Причем начал я довольно бойко, но, едва произнеся эту фразу, тут же заткнулся. Потому что голос был не мой. Ну совсем не мой. Какой-то странный, писклявый, совсем детский. Но на окружающих это мое заявление отчего-то оказало совершенно другое воздействие. Гомон стал более громким и, я бы даже сказал, радостным, что ли. Хотя отметил я это как-то мельком, поскольку меня сейчас занимало другое. Я выпростал руки из-под одеяла, которым был укрыт, и округлившимися от удивления глазами уставился на них. Это были не мои руки! Это были руки ребенка! Такие пухлые детские ладошки, ети его мать… А когда в горницу ворвался еще один бородатый мужик, правда, в немного другой шапке, красивой такой, расшитой, с меховой опушкой, с крестиком на макушке, и, наклонившись надо мной, заботливо спросил что-то вроде: «Уз есмь здоровше же ныне санок?» — я не выдержал и заорал во второй раз. А затем потерял сознание.
Следующий раз я очнулся ночью. Еще не открыв глаза, я понял, что лежу все на той же жутко неудобной кровати, представлявшей собой примитивную деревянную раму, на которую было навалено несколько, чуть ли не семь штук (хотя точную цифру я установил много позже), пуховых перин. Так что у меня от совершенно идиотского положения тела жутко затекли руки и ноги, а также разболелась поясница. Рядом с кроватью на чем-то вроде табурета сидела и дремала какая-то бабка, одетая в глухое длинное платье и закутанная до бровей в платок, смутно напоминающий хиджаб. В комнате было сумрачно, но полностью захватить власть темнота не могла, поскольку в углу, под потолком, тускло горел примитивный масляный светильник.

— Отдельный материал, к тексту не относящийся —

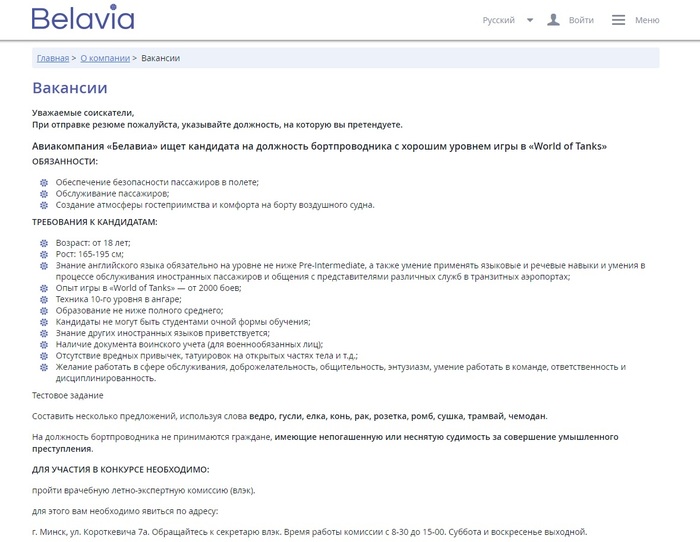 Белорусская авиакомпания "Белавиа" открыла вакансию бортпроводника, у которого есть опыт игры в World of Tanks. Причем, количество наигранных часов должно быть не меньше двух тысяч.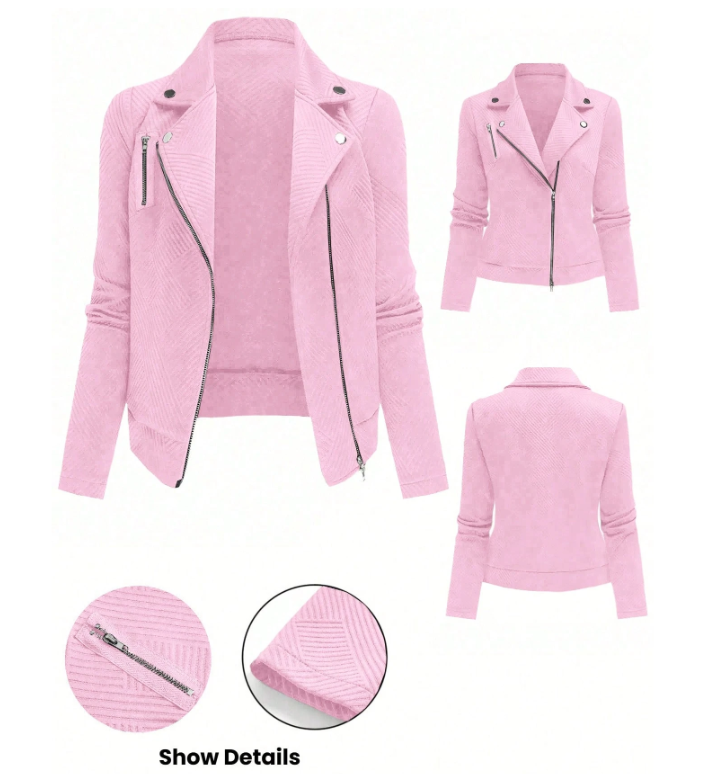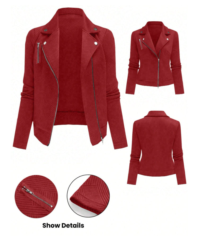 Elevate your outerwear collection with the GlowEve Women's Textured Moto Jacket. Crafted with a distinctive textured fabric, this jacket combines edgy style with refined sophistication. Its tailored fit enhances the silhouette, while classic moto details like zip closures and structured seams deliver a timeless look. Perfect for layering, it offers both comfort and durability for everyday wear or special occasions. This jacket is an expert choice for those seeking a bold, versatile piece that seamlessly integrates into a modern wardrobe.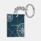 Las cadenas de Rosas de la brújula Nautical Navy Blue Welcome Aboard presentan un diseño moderno con rosas de brújula y líneas de navegación en blanco sobre un fondo azul marino. Personalice la cadena de claves con el nombre y la ubicación del puerto de su barco. Este elegante diseño costero también es un gran regalo para el propietario de un barco.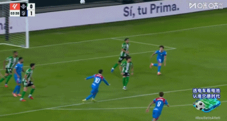 第3分钟,小西蒙尼弧顶凌空抽射破门先拔头筹,马竞1-0贝蒂斯
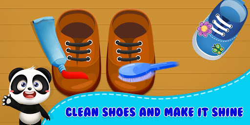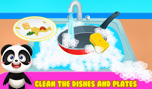 Introduce il simpatico gioco di pulizia della casa Panda per tuo figlio, impara a pulire il disordinato & amp;Casa sporca.

Я осторожно огляделся. С прошлого пробуждения ничего не изменилось. Я задумался. Итак, вариант один — я брежу. Накурился травки, и все, что вокруг меня, это качественный и глубокий наркотический бред. Иного объяснения всему происходящему нет и быть не может. Все! Точка! Правда, я совсем не помнил, когда и с кем решил покурить травки. Последний раз я это делал в прошлом году в Копенгагене, в Христиании, куда я по приколу забурился аж на целую неделю. Классная неделя была, между прочим, но на большее меня не хватило. Совершенно травяное существование там. Не по мне… Да и трава эта тоже поднадоела. От нее после всего так во рту горчит и сушит… и никуда не хочется… Нет, я не исключал, что еще раз, как-нибудь, в будущем, мне опять ненадолго захочется чего-нибудь этакого, полной расслабухи, причудливых глюков и всего такого прочего, и я опять уеду в Копенгаген или в Амстердам покурить травки. О более тяжелых наркотиках и речи не шло. Я имею против них стойкое предубеждение. Но пока такого желания как-то не возникало. Так с чего бы это я? Непонятно… Но по большому счету это неважно. Потом вспомню. Когда выйду из глюка. А пока надо всего лишь немного подождать. Успокоенный этими мыслями, я повернулся на бок и уснул…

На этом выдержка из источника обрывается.